Required work: From the material below, retype exactly the lines that begin at the line with "Figura 1. Ubicación" and end after the line with "Olga Sánchez C."; pictures stay out of the copy.

Listed entries:
*-*-*
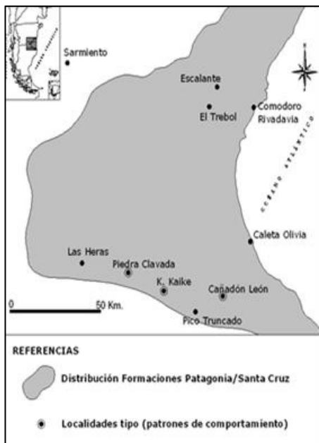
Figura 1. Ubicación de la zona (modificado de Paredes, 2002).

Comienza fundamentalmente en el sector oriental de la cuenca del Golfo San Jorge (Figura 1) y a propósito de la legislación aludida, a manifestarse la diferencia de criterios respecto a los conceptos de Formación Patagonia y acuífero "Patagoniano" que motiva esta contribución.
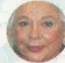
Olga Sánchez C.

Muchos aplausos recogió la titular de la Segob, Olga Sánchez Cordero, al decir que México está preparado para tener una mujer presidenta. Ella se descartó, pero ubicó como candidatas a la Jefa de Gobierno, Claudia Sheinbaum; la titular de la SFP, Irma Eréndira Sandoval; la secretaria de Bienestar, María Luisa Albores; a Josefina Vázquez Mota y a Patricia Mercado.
*-*-*
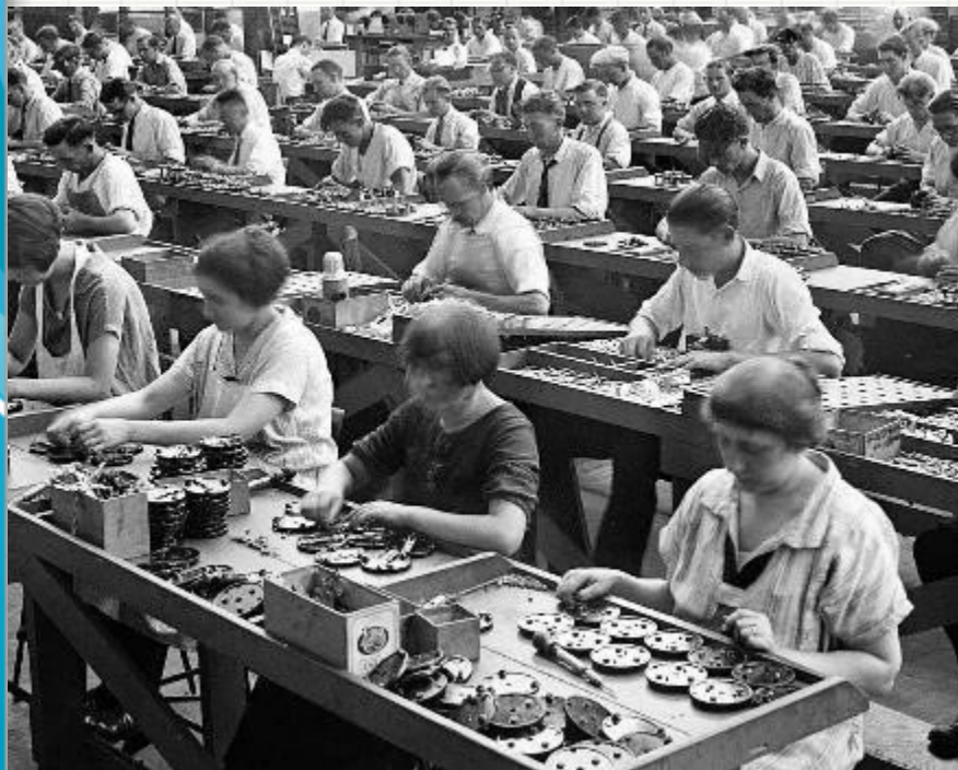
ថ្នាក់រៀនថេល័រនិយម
*-*-*
Answer section:
Figura 1. Ubicación de la zona (modificado de Paredes, 2002).

Comienza fundamentalmente en el sector oriental de la cuenca del Golfo San Jorge (Figura 1) y a propósito de la legislación aludida, a manifestarse la diferencia de criterios respecto a los conceptos de Formación Patagonia y acuífero "Patagoniano" que motiva esta contribución.
Olga Sánchez C.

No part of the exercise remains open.